Unhonored and unmourned. Vasily Stalin, younger son of the dead dictator* and once the youngest general in the Red air force, last week was reported to have died in remote Saratov, 460 miles southeast of Moscow. He was 41 or 42. twice married and the father of two children. His death, variously said to have been caused by suicide or "excessive drinking." was scarcely noted inside Russia since Soviet newspapers did not report it. But even if they had, few Russians would have been inclined to send flowers.
Raised in the tyrant's shadow, Vasily made the worst of it, demanded and got the same fawning servility he saw heaped upon Stalin. Despite special tutors, he was an indifferent student. Only flying seemed to interest the short (5 ft. 3 in.), slim, red-haired youth, and in 1941 he finally got his wings. In the air Vasily won the reputation of a daredevil pilot; during the postwar years, he occupied a lavish, heavily guarded 30-room villa at Dallgow, near Potsdam, earned notoriety as caring only for drink and women. Partial to cruel practical jokes, he enjoyed rousing high-ranking officials in the middle of the night, barking ''This is Stalin," and demanding some special privilege.

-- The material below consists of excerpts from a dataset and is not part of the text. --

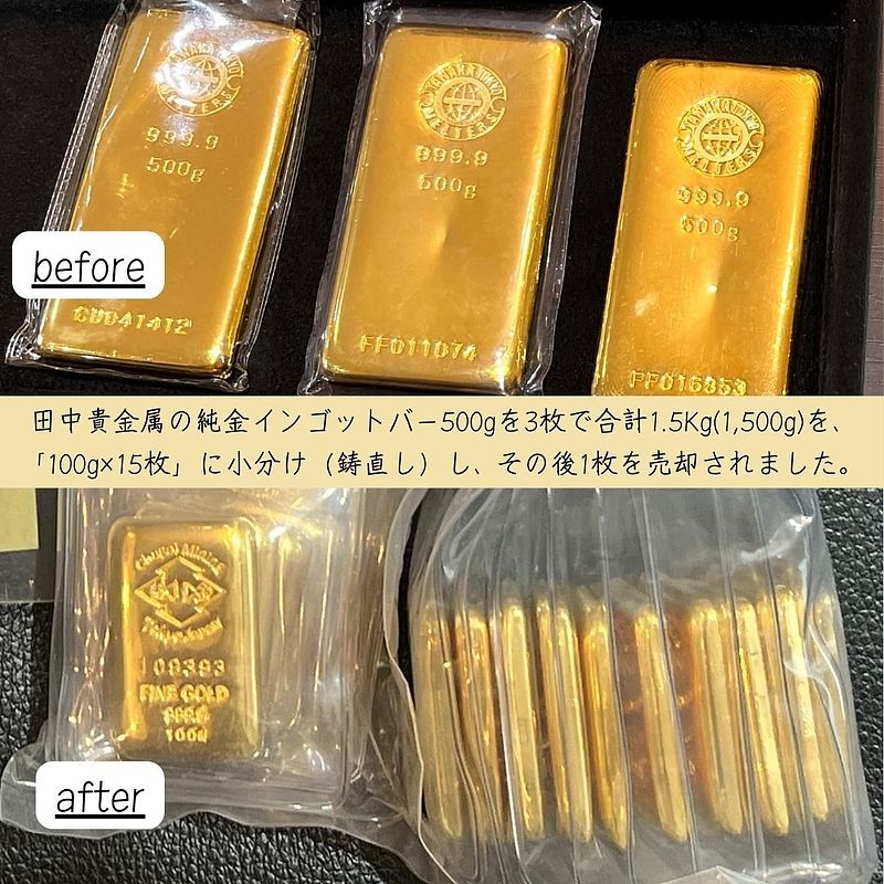 田中貴金属の純金インゴットバー500gを3枚で合計1.5Kg(1,500g)を、「100g×15枚」に小分け(鋳直し)しました。その後1枚を売却されました。
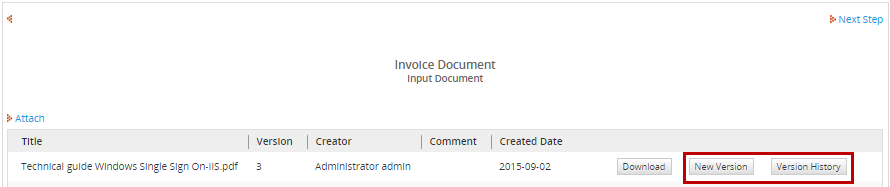 If versioning is enabled, new versions of an existing input document can be uploaded by clicking on the New Version button. To see a list of all the versions for an input document, click on its Version History button.
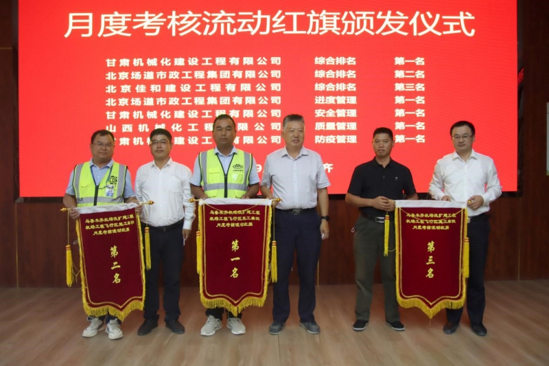 此次會議對施工單位八月份的相關(guān)工作進行了綜合考核,我司烏魯木齊機場項目經(jīng)理部在8家施工單位評比中獲得綜合第一名、安全第一名、防疫第一名的好成績,得到了業(yè)主方、擴建指揮部及監(jiān)理單位的一致認(rèn)可。同時會議對九月份全場飛行區(qū)工程的相關(guān)工作進行了部署,下達(dá)了各標(biāo)段施工任務(wù)。
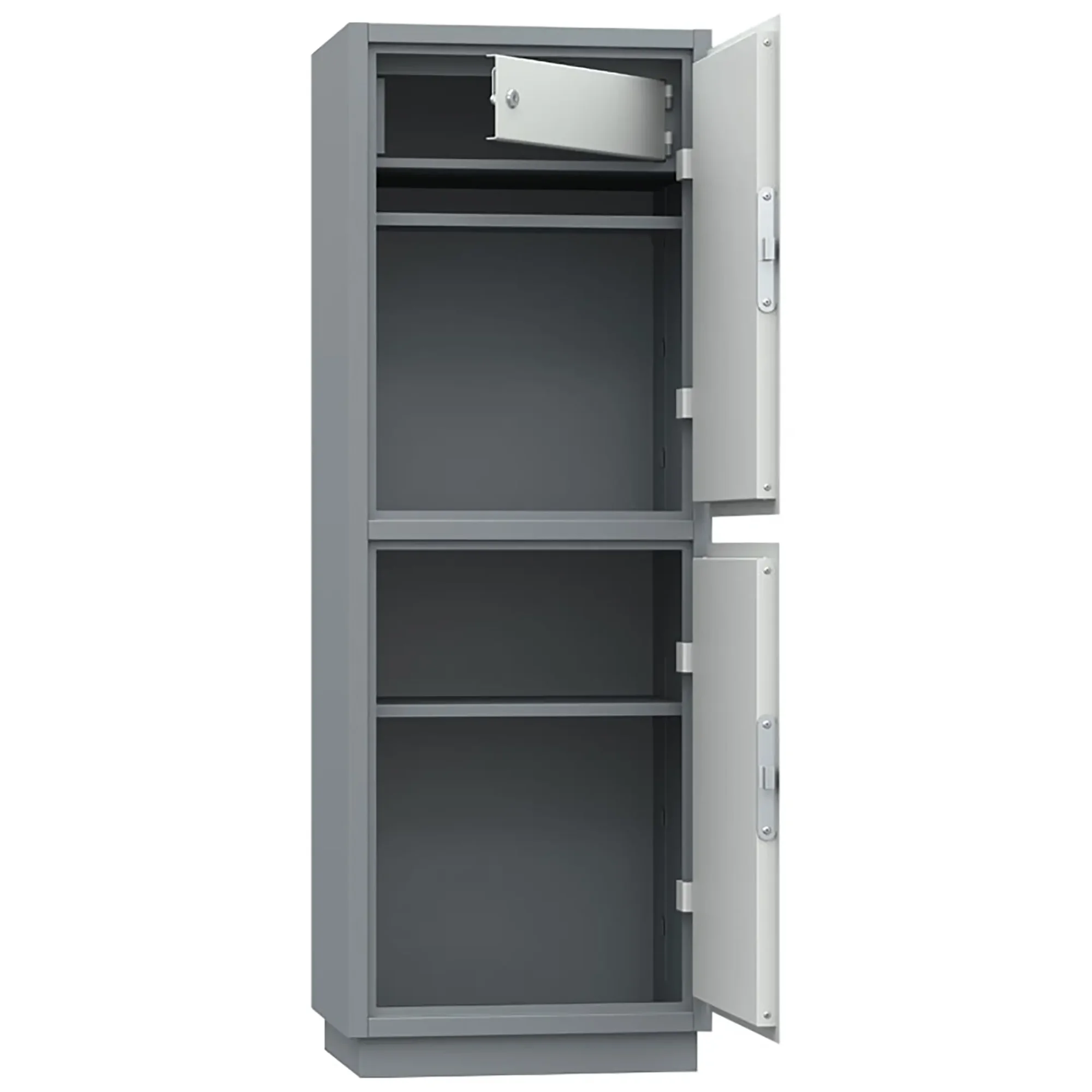 • Вся линейка бухгалтерских шкафов окрашена в два цвета: корпус - RAL 7011, дверь — RAL7035.

But otets (father) was understanding, and in 1949 Vasily, not yet 30 and a major general, was handed a juicy job: command of the air force in the Moscow military district. Proudly he led the flypast during May Day military exhibitions, devised formations that spelled "Glory to Stalin" in the skies over Moscow.
Vasily abruptly dropped from public notice after Stalin's funeral in 1953, earned his own destalinization even before his father was disgraced. He drank more heavily than ever, was busted from the air force, reportedly killed a woman while driving drunk. Rumors swirled about his fate: he was in a sanatorium for the mentally ill; he was in jail; he was in a Russian arctic slave labor camp. Last week's report ended the speculation: mourners bringing flowers to a grave in a Saratov cemetery noticed a new tombstone engraved with the name of Stalin's son.
* Stalin's elder son. Yakov Dzhugashvili, reportedly died in a German concentration camp during World War II. He was the only child of Stalin's first wife. Vasily and a sister, Svetlana, believed now living in Moscow, were the children of the dictator's second wife, Nadezhda Allilueva, whom Stalin shot to death inside their Kremlin apartment in 1932 during a fit of rage.